# Laminate wood flooring



## fishmaster09 (Jun 2, 2009)

I decided im going to do this my self any tips tricks or anything i should know. What size is best, what brand, Any info would be greatly appreciated


----------



## Reel_Blessed II (Jun 24, 2004)

Anything with tongue and groove. Pretty easy to put down.


----------



## g_mo (Jun 27, 2005)

Sam's Club has it if you have a membership. I got some there. Pretty reasonable and it already has the foam applied to the back of it, so that eliminates a step. Comes with good instructions too.


----------



## Rubberback (Sep 9, 2008)

I personally didn't find it easy. But now that its down a good product.


----------



## Capt.Thomas White (Feb 9, 2005)

I just finished putting down 1800 sq ft of the Lock n Seal from Sam's. I had researched several laminates before deciding on this one. I chose it because it is 12mm thick as opposed to 10mm from most others, has foam backing and seemed easy to put down. I also found out that the company that makes Pergo is the makers of this product. The price was one third of that offered in the Home stores for the equivalent flooring. As far as installation, I found it to be really not that hard. I did 3 bedrooms, hall, office, den and dining room. I chose not to do the kitchen because of the obvious issues having a 5 and 3 year old and all the spills that happen around the fridge. I am getting ready to lay ceramic tile in the kitchen and laundry room as I did in the guest bath and master bath. 

The only real trick I could help you with is to measure twice and cut once. Don't force the strips to lock. They will lock together easily as long as you have everything lined up. It really is not that hard. The cuts around stuff like a fireplace or walls that are not trully square slow you down a bit. 

Feel free to PM me if you have any questions.


----------



## fishmaster09 (Jun 2, 2009)

Thanks for the input. What tools do i need other than a mallet and a miter saw


----------



## jabx1962 (Nov 9, 2004)

fishmaster09 said:


> Thanks for the input. What tools do i need other than a mallet and a miter saw


Knee Pads.....


----------



## katybuilder (Apr 18, 2006)

jabx1962 said:


> Knee Pads.....


X 2
and stretch out good first all weekend up and down bent over line up a massuse sunday evening.....
im a general contractor got my matl free and it still was not worth the PAIN. i love doing it my self but my body makes me pay.....KB


----------



## greg77 (May 22, 2006)

fishmaster09 said:


> Thanks for the input. What tools do i need other than a mallet and a miter saw


Dremel makes their Milti-max tool ($100 at Home Depot) that is really useful for undercutting door jambs. I just finished 2.5K sq ft of Pergo.

If you are going over plywood deck, make sure the deck is screwed down well and is flat and level.
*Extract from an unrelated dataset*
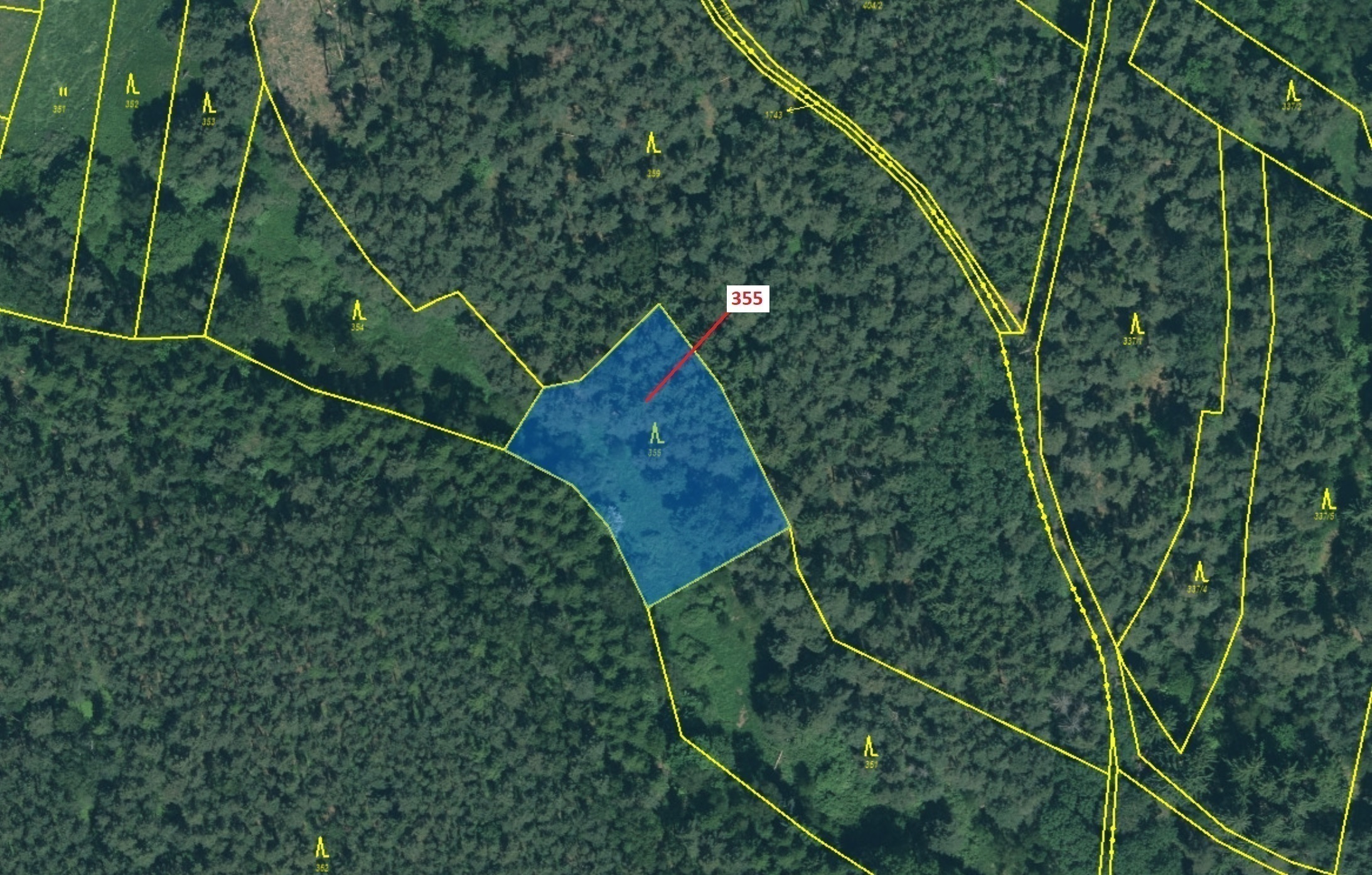 Lesní pozemek o výměře 1 924 m2, parcelní číslo 355, podíl 1/1, katastrální území Podbořánky, obec Jesenice, obec s rozšířenou působností Rakovník, okres Rakovník, Středočeský kraj.

There is a floor leveling product I used.

PM me if you want to hear my lessons learned.


----------



## Torque (May 22, 2004)

I've read that the pergo products really get scratched up. Is that true?


----------



## surfgrinder (May 18, 2008)

most have an aluminum oxide coating and are pretty tough - more than most solid wood finishes. As far as ease of installation just read the directions. Once you figure out how to install around door jambs it is a breeze. Like others have said - it can be a workout


----------



## SteelerFan45 (Jun 30, 2009)

*Laminate Flooring*

I'm seriously considering installing approx. 800' sq. ft. of laminate in the living room, dining room of a house that I just closed on yesterday. I have gotten prices from 4 or 5 stores in the Clear Lake/League City area and found the cheapest to be $2.79 to 3.49 per sq. ft. I have a dog and possibly plan on getting him a buddy soon so I'm concerned about scratching. Everyone of the salespeople assured me that laminate is a bettet product than engineered hardwood in terms of the issue of scratches from dogs. Still considering carpet for that reason and the price is pretty comparable and wouldn't have to do it myself !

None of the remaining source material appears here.